Documentation
¶
Overview ¶
Package compare provides a model comparison tool that runs the same prompts through multiple models and compares their performance metrics.
Index ¶
Constants ¶
This section is empty.
Variables ¶
This section is empty.
Functions ¶
func FormatJSON ¶
func FormatJSON(w io.Writer, cr *ComparisonResult) error
FormatJSON writes the comparison result as indented JSON to w.
func FormatTable ¶
func FormatTable(w io.Writer, cr *ComparisonResult) error
FormatTable writes a comparison table to w using text/tabwriter.
Types ¶
type ComparisonResult ¶
type ComparisonResult struct {
Results []ModelResult `json:"results"`
Rankings []Ranking `json:"rankings"`
}
ComparisonResult holds the full comparison output.
type Config ¶
type Config struct {
Models []ModelSpec `json:"models"`
Prompts []string `json:"prompts"`
Metrics []string `json:"metrics"`
}
Config controls a model comparison run.
type InferFunc ¶
type InferFunc func(ctx context.Context, model ModelSpec, prompt string) (text string, metrics map[string]float64, err error)

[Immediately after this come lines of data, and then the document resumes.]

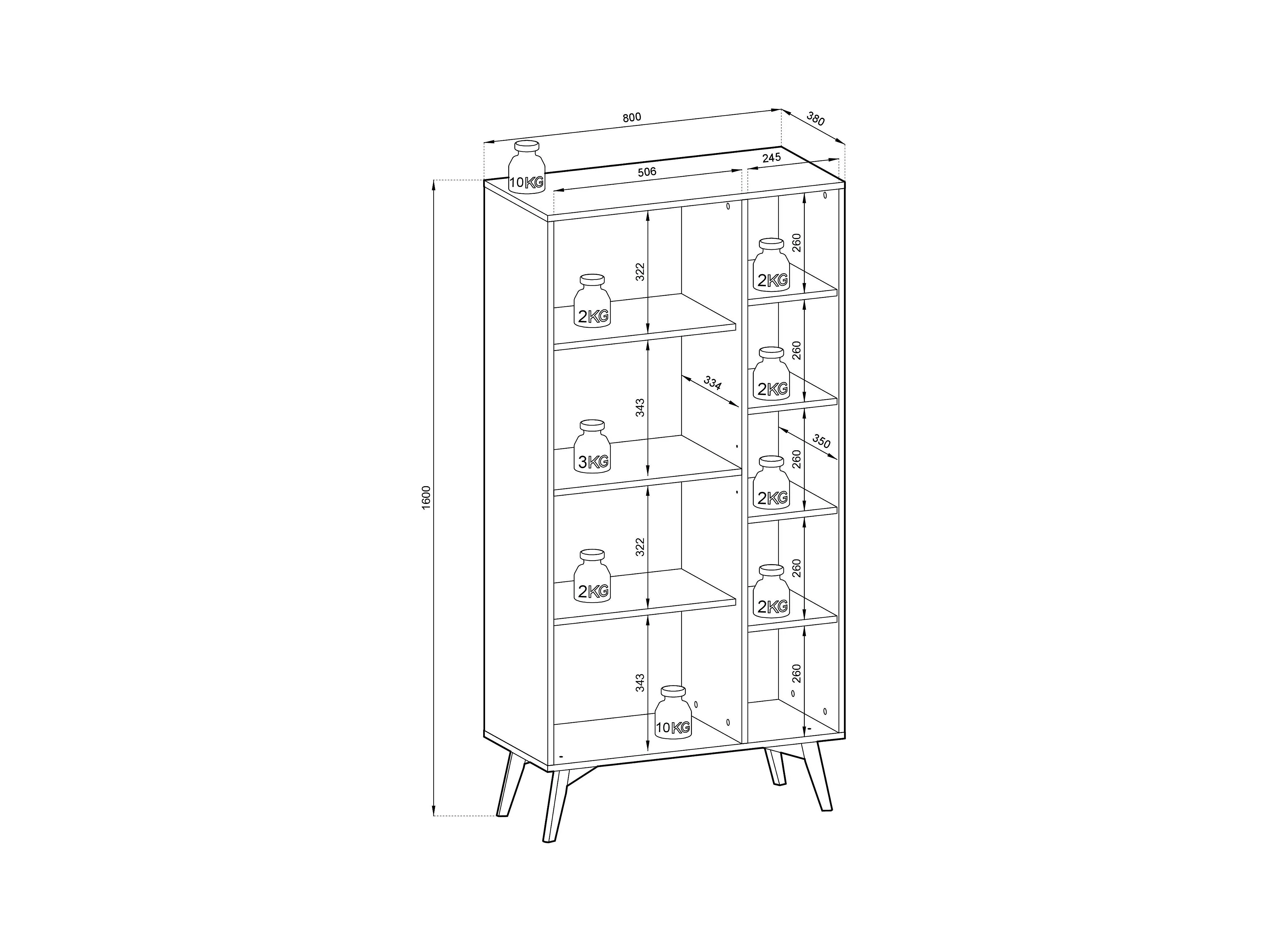 Buffet 2 portes avec 5 étagères ouvertes en bois lamellé, 80x160 cm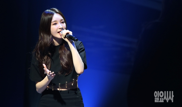 여성 보컬 듀오 다비치의 강민경이 21일 서울 청담동 일지아트홀에서 열린 새 미니앨범 '다비치 허그(DAVICHI HUG)' 발매 기념 쇼케이스에서 멋진 무대를 선보이고 있다.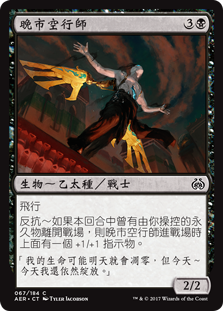 | Rules | Flying Revolt — Night Market Aeronaut enters the battlefield with a +1/+1 counter on it if a permanent you controlled left the battlefield this turn. |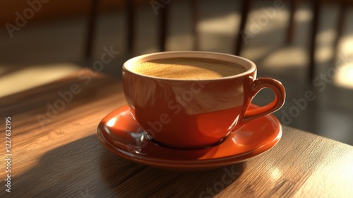 Warm espresso cup on a wooden cafe table reflecting morning sunlight creating a cozy atmosphere for relaxation and enjoyment.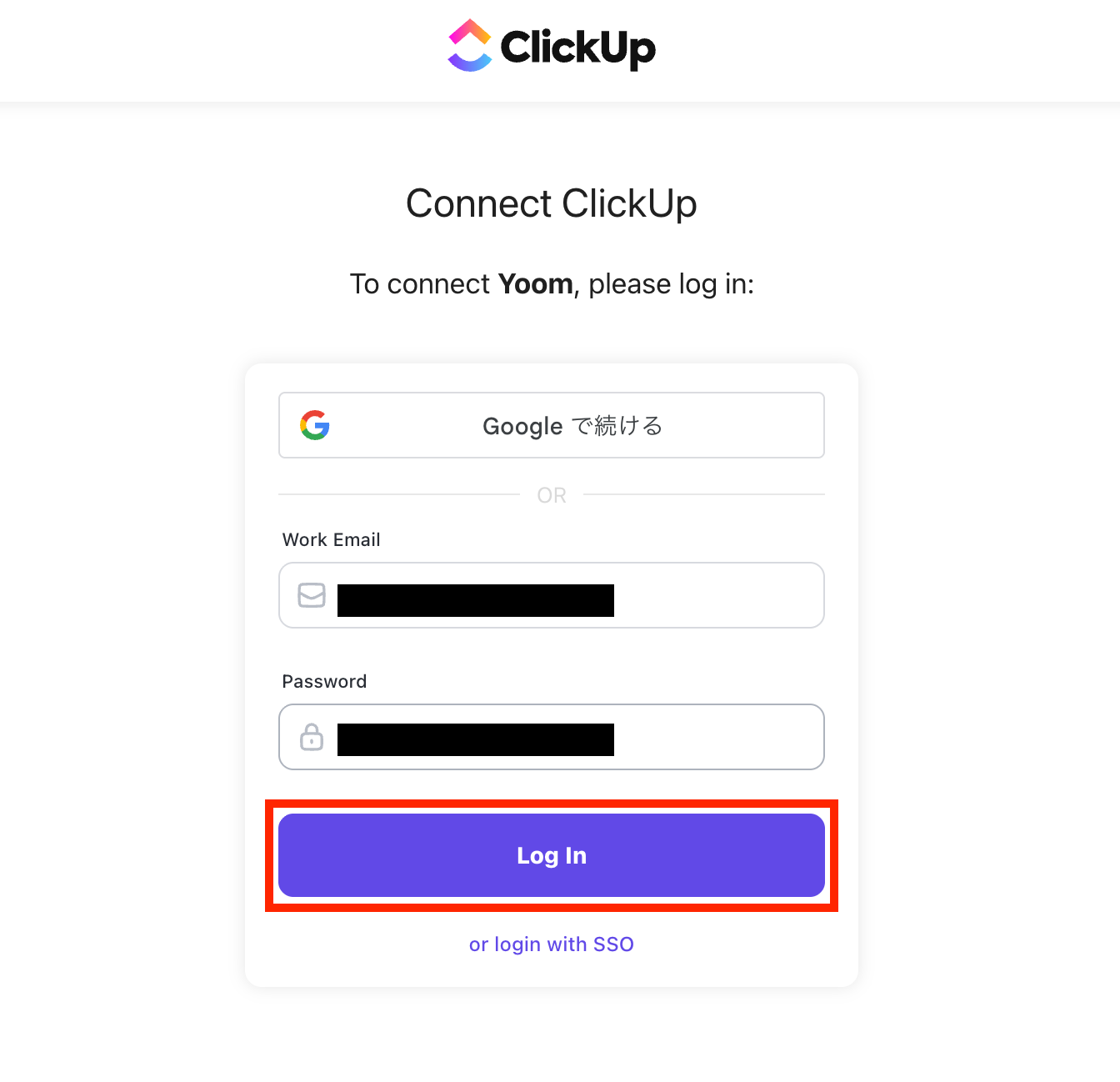 ClickUpのログイン画面が表示されますので、メールアドレスとパスワードを入力して「Log In」ボタンを押します。

InferFunc is the function signature for running inference on a model. It takes a model spec and prompt, and returns the generated text along with collected metrics (throughput_tok_s, latency_ms, memory_mb, perplexity).
type ModelComparator ¶
type ModelComparator struct {
// contains filtered or unexported fields
}
ModelComparator compares multiple models on the same set of prompts.
func NewModelComparator ¶
func NewModelComparator(cfg Config, infer InferFunc) *ModelComparator
NewModelComparator creates a new comparator with the given config and inference function.
func (*ModelComparator) Compare ¶
func (mc *ModelComparator) Compare(ctx context.Context) (*ComparisonResult, error)
Compare runs all prompts through all models and returns the comparison result.
type ModelResult ¶
type ModelResult struct {
Model ModelSpec `json:"model"`
Metrics map[string]float64 `json:"metrics"`
StdDev map[string]float64 `json:"std_dev"`
// PerPrompt holds the raw metrics for each prompt.
PerPrompt []map[string]float64 `json:"per_prompt"`
}
ModelResult holds the aggregated results for a single model.